In this post I will cover how to get a custom word-breaker working on SQL Server 2008 64-bit instances. Many of you out-there might already be familiar with an old sample that shipped with Windows Platform SDK called LRSAMPLE. I am going to use this as a sample reference and must warn you this post is not a how-to on going about coding a custom word-breaker.

Let’s start off with the assumption that you have a requirement for a custom word-breaker, since the kind of word-breaking that you require is not possible with the default Word-breaker DLL that ships with SQL Server 2008.

To give you an idea of what I mean by “custom requirements”, have a look at this scenario.

Sample Rows
Brick 4 Sided, Other (See Remarks)
Stucco Unspecified, Other (See Remarks)
Aluminum/Vinyl, Brick/Frame, Concrete Siding
Brick 4 Sided, Brick/Frame, Concrete Siding


Let’s say you want to differentiate between “Brick” and “Brick/Frame” in such a way that  a search for the keyword “Brick” return results for only entries which contain Brick alone and not ones that contain Brick/Frame. This of course is not possible using LANGWRBK.dll (SQL 2005) or NaturalLanguage6.dll (SQL 2008).


Okay, now you followed MSDN and compiled LRSAMPLE, got the DLL, registered it following the instructions in http://msdn.microsoft.com/en-us/library/ms345188.aspx , but when you actually tried to use the new word-breaker in a CONTAINS query, you are faced with this error


Msg 30053, Level 16, State 102, Line 1
Word breaking timed out for the full-text query string. This can happen if the wordbreaker took a long time to process the full-text query string, or if a large number of queries are running on the server. Try running the query again under a lighter load.

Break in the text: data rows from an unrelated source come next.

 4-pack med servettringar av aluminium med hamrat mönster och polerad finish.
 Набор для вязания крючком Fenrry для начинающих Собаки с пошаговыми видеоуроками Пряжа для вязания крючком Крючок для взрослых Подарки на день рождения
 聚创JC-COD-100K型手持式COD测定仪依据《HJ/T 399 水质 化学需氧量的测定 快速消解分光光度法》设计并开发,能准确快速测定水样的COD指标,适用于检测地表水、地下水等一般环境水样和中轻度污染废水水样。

The LRSAMPLE is a C++ COM based DLL (I did warn you it was an old sampleJ) and as part of its registration it puts in the CLSID under HKLM\System\currentcontrolset\control\contentindex\language 

Even after following the instructions to register it to the letter, it does not work! Even a sample query to test the word-breaker using sys.dm_fts_parser gives the same error.

SELECT * FROM sys.dm_fts_parser (' "Hello" ', 19465, 0, 0)
-- 19465 is the language LCID is registered it as


Digging a little further in the SQLFT logs to see the reason for the word-breaking failure, I saw this error.

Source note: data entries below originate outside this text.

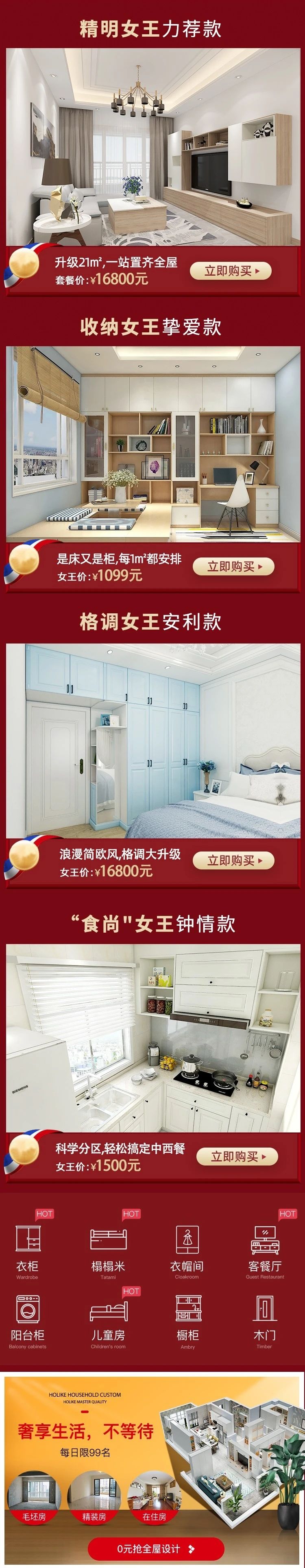 每个人都是自己的女王,好的家是女王的外衣,赋予女王不同的气场与精神价值。这个女王节,好莱客携手天猫旗舰店打造女王节专宠活动,邀你来定属于自己的居家女王范~还有更多惊喜福利,快上天猫【好莱客旗舰店】一起定制你的女王范吧~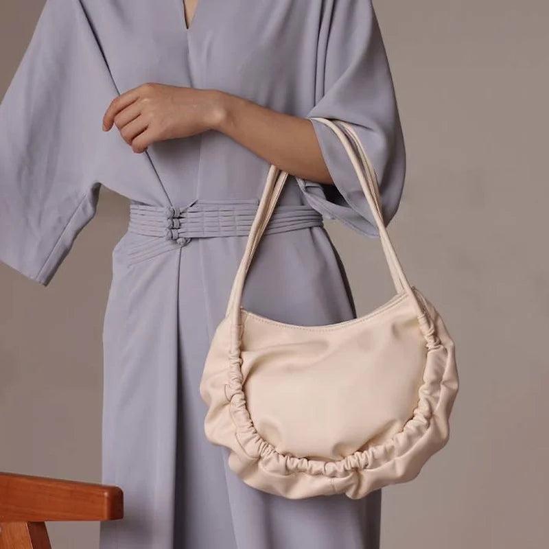 This stylish shoulder bag is perfect for office ladies with its pleated design and large capacity. Carry all your essentials in style!
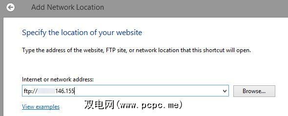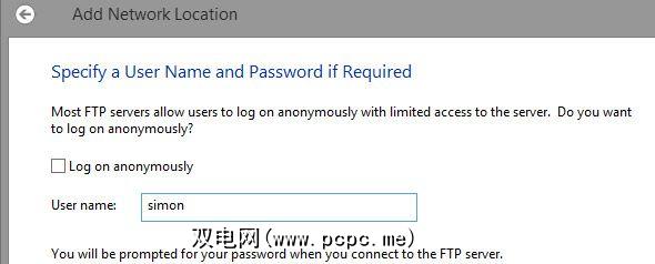 选择输入自定义网络位置,然后输入您的FTP服务器的网络地址。这是IP地址,前缀为“ ftp://"(不带引号)。在下一个屏幕中,您可以选择输入用户名(如果您不是匿名连接)。

2010-10-20 14:19:32.59 spid23s     Error '0x8007007f' occurred during full-text index population for table or indexed view '[GAMLS_NEW].[dbo].[AllClassesCommonData]' (table or indexed view ID '1182067397', database ID '10'), full-text key value '578004'. Attempt will be made to reindex it.

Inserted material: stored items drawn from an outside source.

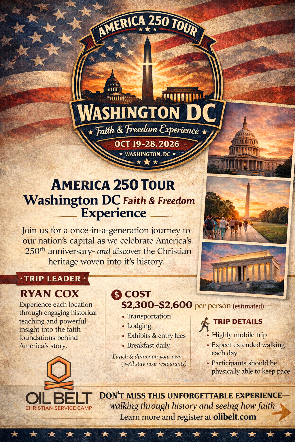 Join Ryan Cox and Oil Belt as we take a 10 day / 9 night tour to Washington D.C. to celebrate America's 250th year! We will visit important US historical sites as Ryan teaches the Christian Faith woven throughout it.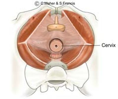 The top of the fascia on the anterior and posterior vaginal wall connect with cervix at the top of the vagina. The cervix is the very firm lower portion of the uterus and acts to stabilise the fascia of the female pelvis.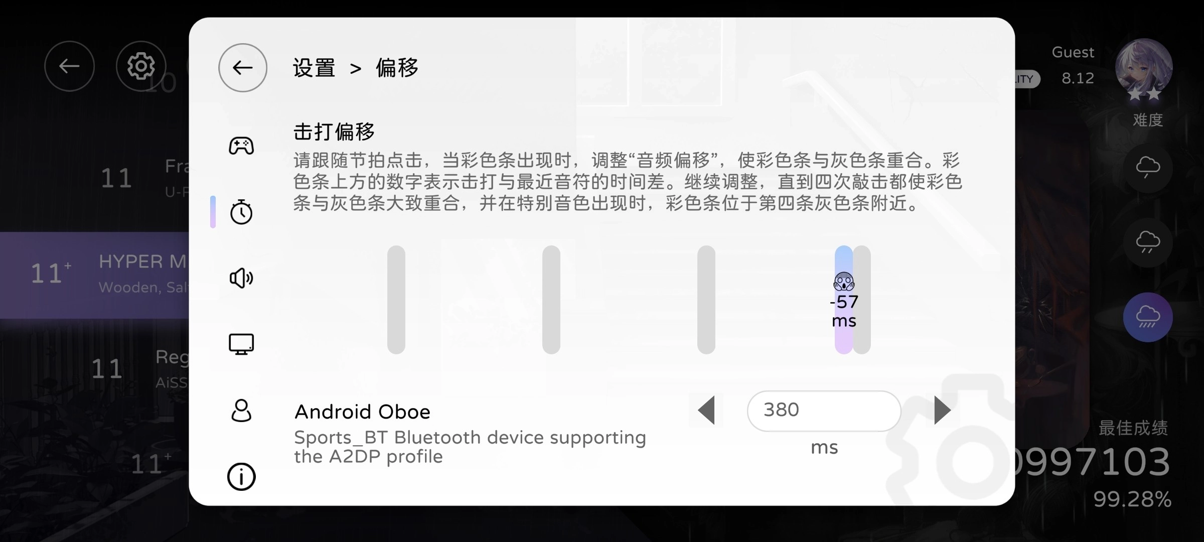玩家需跟着音乐的节拍点击空白区域,这时候要依据彩色条显示的数值来调整延迟数值。以上图为例,彩色条显示-57ms,当前偏移量是380ms,两者相加得到323ms,取320ms。再次测试时若出现爱心图标,就表明延迟对应正确,说明偏移调试成功了。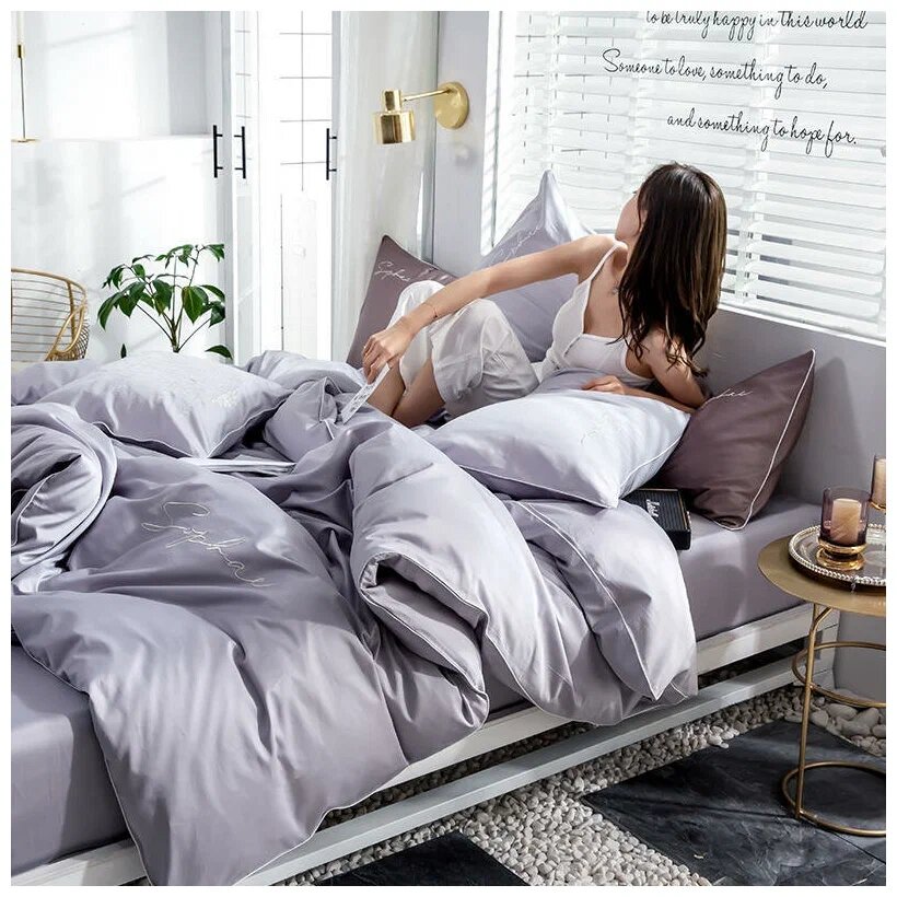 Комплект постельного белья Mency однотонный с вышивкой 2х спальный информация:

0x8007007f  ---> The specified procedure could not be found.


Okay, this clears points to the DLL having some problems. I tried to register this DLL using regsvr32 and got these errors.
regsvr32 "C:\Program Files\Microsoft SQL Server\MSSQL10.MSSQLSERVER\MSSQL\Binn\lrsample.dll"


DLLEntryPoint could not be found.
Specified procedure could not be found


One thing I should point out is that the sample is based on VC6 and by default builds a DEBUG version of the DLL. So if your SQL Server is on the same machine as your Visual Studio, it might actually work. The moment you move this to a machine that does not have VS you will get these errors.


Here are the changes required to be done for importing this sample to a VS project and getting it to work on x64 architecture :-
(Note: This was done on VS 2010 on Windows 7)

 

1.       Create an empty VS2010 project and pull in all the files in LRSAMPLE folder.

2.       Change the configuration to Release and platform to x64

 


3.      
The following code change has to be made in lrsample.cxx to specify the path for DLL registration. (The registration code is hardcoded).

 

SLangRegistry const English_Sample_LangRes =
{
L"English_Sample", MAKELANGID( LANG_ENGLISH, SUBLANG_ENGLISH_SAMPLE ),
{ L"{d225281a-7ca9-4a46-ae7d-c63a9d4815d4}",
L"English_Sample Word Breaker",
//L"lrsample.dll",
L"C:\\Program Files\\Microsoft SQL Server\\MSSQL10.SQLSERVER2008\\MSSQL\\Binn\\lrsample.dll", --> Change required here to specify location where DLL will be place
L"both" },
{ L"{0a275611-aa4d-4b39-8290-4baf77703f55}",
L"English_Sample Stemmer",
//L"lrsample.dll",
L"C:\\Program Files\\Microsoft SQL Server\\MSSQL10.SQLSERVER2008\\MSSQL\\Binn\\lrsample.dll", --> Change required here to specify location where DLL will be place
L"both" }
};


You need to specify the path of your SQL Server Instance Binn directory.


4.       Make the following changes in the VS Project Properties.

   a.    General:  Set the configuration type to Dynamic Library (.dll)


   b.    Linker\Input: Set module definition file to .\lrsample.def


 
c.       Linker\System: Set the subsystem to WINDOWS




5.       Build the Solution and copy the DLL from the Release folder to your SQL Binn directory.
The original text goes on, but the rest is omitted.